EXERCISE INPUTS:
^^^^^^^^

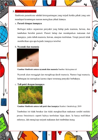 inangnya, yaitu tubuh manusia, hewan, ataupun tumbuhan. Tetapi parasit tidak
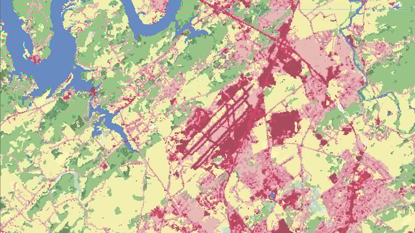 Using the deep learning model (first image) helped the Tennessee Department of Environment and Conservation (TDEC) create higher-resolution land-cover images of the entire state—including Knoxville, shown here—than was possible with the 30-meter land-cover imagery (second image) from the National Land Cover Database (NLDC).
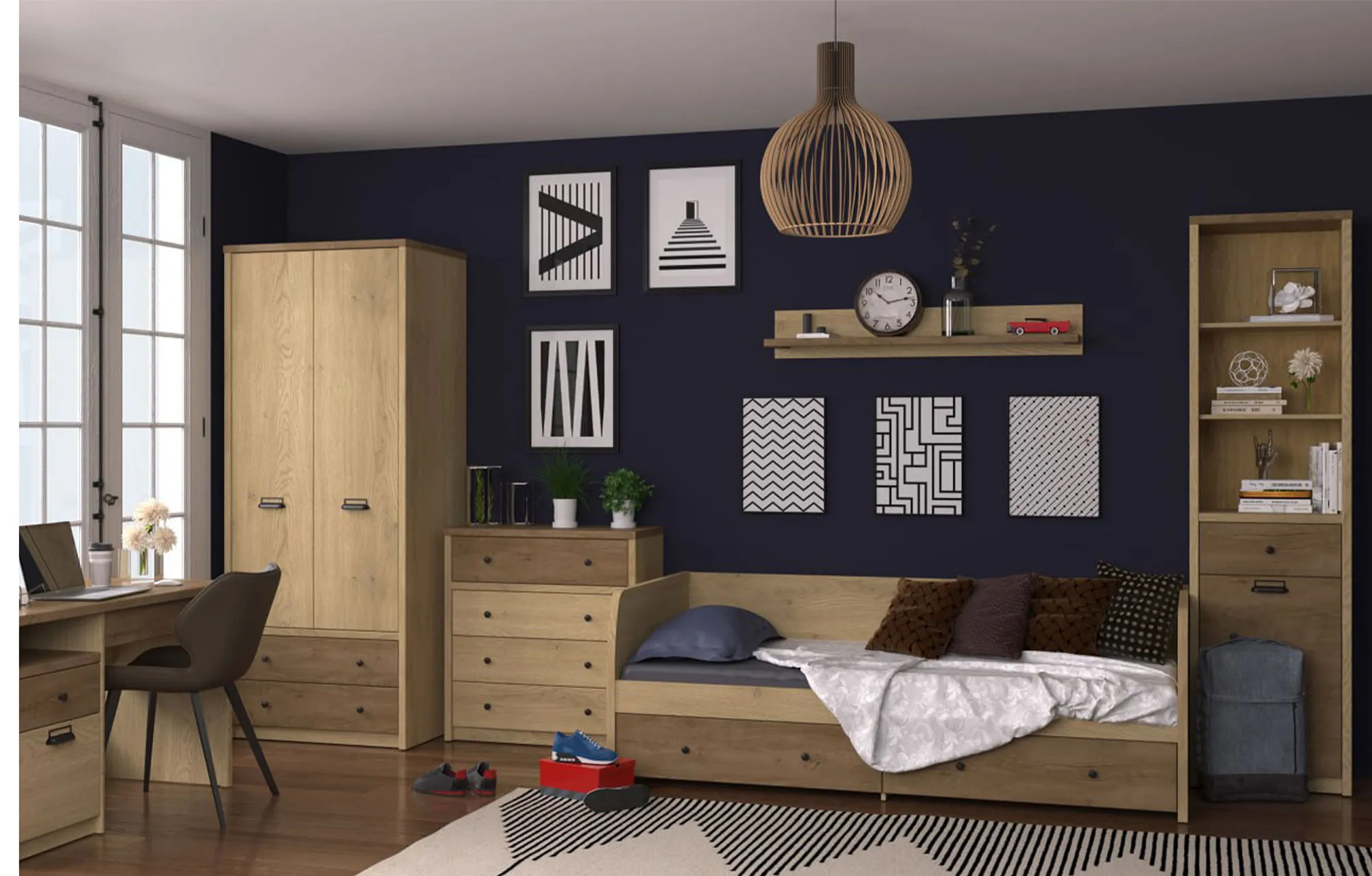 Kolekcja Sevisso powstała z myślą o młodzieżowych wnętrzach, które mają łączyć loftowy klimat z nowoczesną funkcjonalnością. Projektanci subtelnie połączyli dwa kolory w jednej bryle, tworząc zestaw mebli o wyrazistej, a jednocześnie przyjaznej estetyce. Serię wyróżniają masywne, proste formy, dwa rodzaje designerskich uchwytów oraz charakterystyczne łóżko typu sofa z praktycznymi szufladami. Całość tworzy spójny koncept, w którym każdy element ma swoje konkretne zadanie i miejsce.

^^^^^^^^

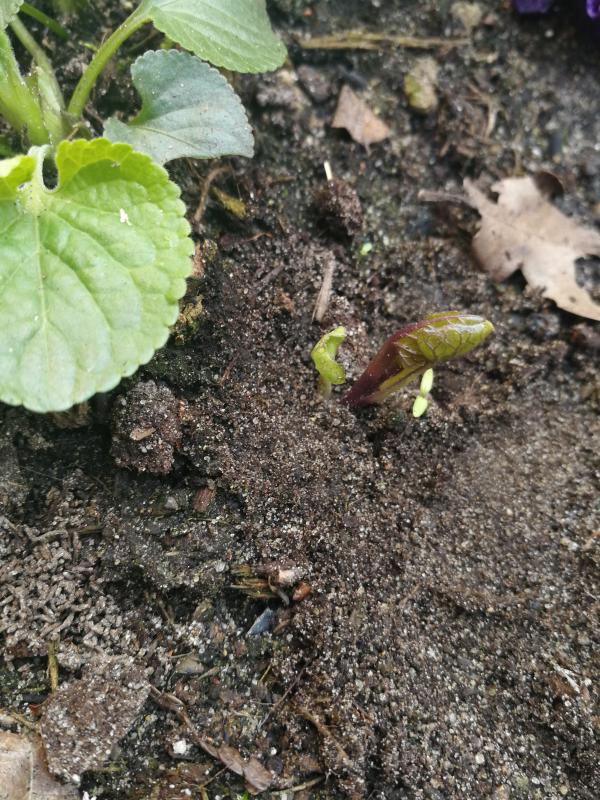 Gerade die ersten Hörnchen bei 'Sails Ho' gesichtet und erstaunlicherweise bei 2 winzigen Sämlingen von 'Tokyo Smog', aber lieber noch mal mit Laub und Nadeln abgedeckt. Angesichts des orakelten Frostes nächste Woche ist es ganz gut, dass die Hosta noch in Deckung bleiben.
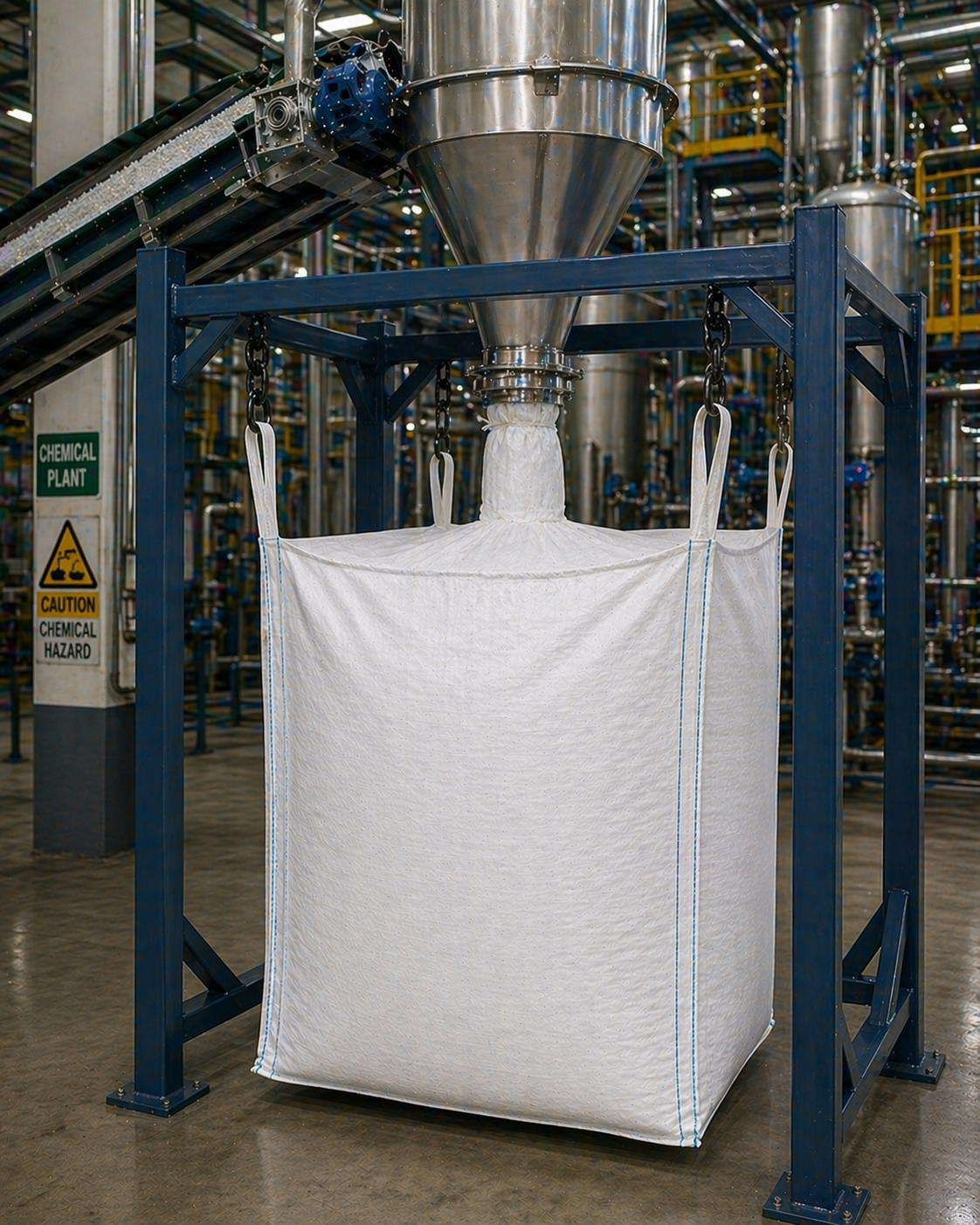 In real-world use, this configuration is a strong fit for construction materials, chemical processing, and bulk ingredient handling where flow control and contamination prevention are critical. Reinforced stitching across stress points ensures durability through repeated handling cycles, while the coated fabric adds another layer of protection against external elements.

^^^^^^^^

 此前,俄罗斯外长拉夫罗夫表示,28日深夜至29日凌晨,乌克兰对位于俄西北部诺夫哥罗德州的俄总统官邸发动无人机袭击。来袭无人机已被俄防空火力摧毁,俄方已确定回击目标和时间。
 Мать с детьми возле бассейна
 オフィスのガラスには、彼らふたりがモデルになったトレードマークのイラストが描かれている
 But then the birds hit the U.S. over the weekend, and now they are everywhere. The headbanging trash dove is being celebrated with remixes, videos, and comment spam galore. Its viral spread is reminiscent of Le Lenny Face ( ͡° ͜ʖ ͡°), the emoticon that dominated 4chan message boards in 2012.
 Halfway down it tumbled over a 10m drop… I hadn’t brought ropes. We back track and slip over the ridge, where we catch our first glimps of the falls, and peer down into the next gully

^^^^^^^^

WHAT TO DO: Nothing but the lines from the one with "inangnya, yaitu tubuh" to the one with "Using the deep" above, both included, should be transcribed, exactly and without pictures.

OUTPUT FOR THIS EXERCISE:
 inangnya, yaitu tubuh manusia, hewan, ataupun tumbuhan. Tetapi parasit tidak
 Using the deep learning model (first image) helped the Tennessee Department of Environment and Conservation (TDEC) create higher-resolution land-cover images of the entire state—including Knoxville, shown here—than was possible with the 30-meter land-cover imagery (second image) from the National Land Cover Database (NLDC).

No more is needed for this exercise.